§ **INPUT FOR THIS TASK**
★ ★ ★ ★ ★ ★ ★

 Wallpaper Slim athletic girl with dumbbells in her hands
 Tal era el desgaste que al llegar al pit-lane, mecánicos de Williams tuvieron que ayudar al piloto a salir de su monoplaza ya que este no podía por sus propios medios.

★ ★ ★ ★ ★ ★ ★

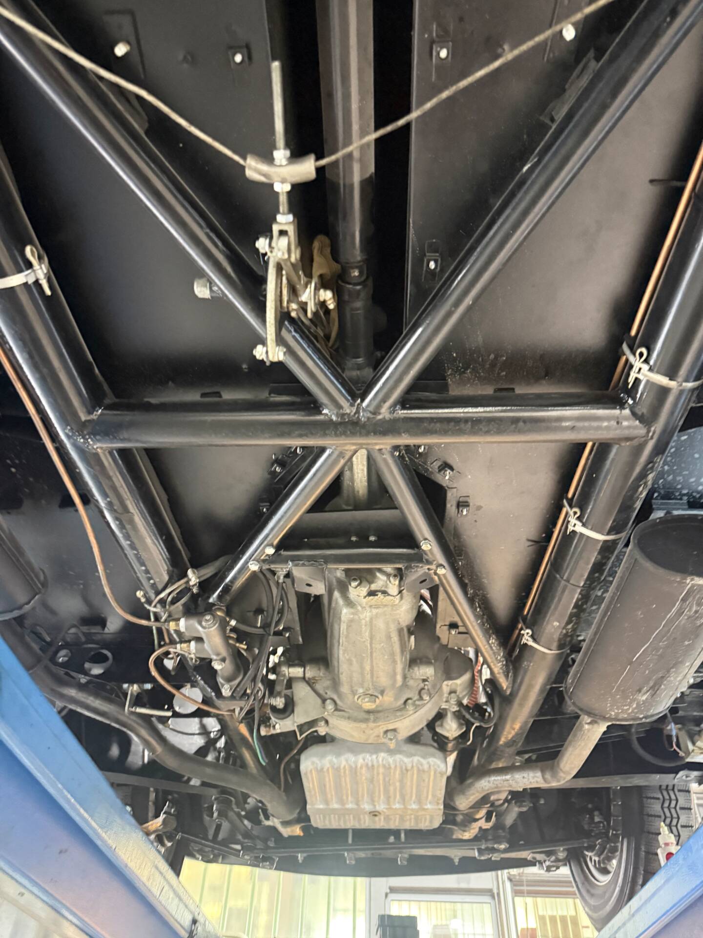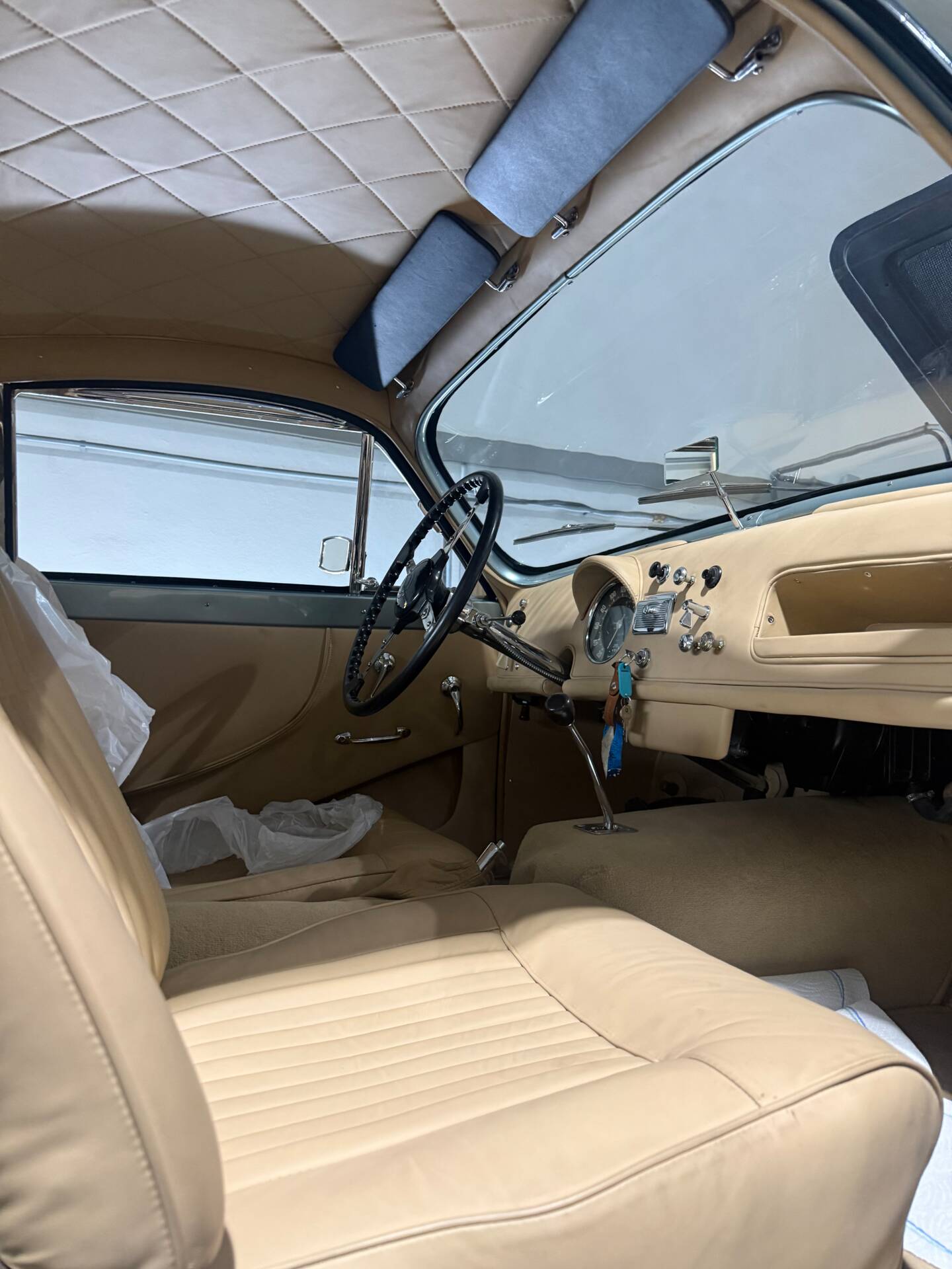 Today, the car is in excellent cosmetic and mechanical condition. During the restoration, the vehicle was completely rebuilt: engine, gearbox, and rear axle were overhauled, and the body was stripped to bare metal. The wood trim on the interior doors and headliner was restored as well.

★ ★ ★ ★ ★ ★ ★

§ **YOUR INSTRUCTIONS**
Could you write out, exactly as they stand, only the lines above that begin at the line with "Wallpaper Slim athletic" and stop after the line with "Tal era el desgaste"?

§ **RESPONSE AREA**
 Wallpaper Slim athletic girl with dumbbells in her hands
 Tal era el desgaste que al llegar al pit-lane, mecánicos de Williams tuvieron que ayudar al piloto a salir de su monoplaza ya que este no podía por sus propios medios.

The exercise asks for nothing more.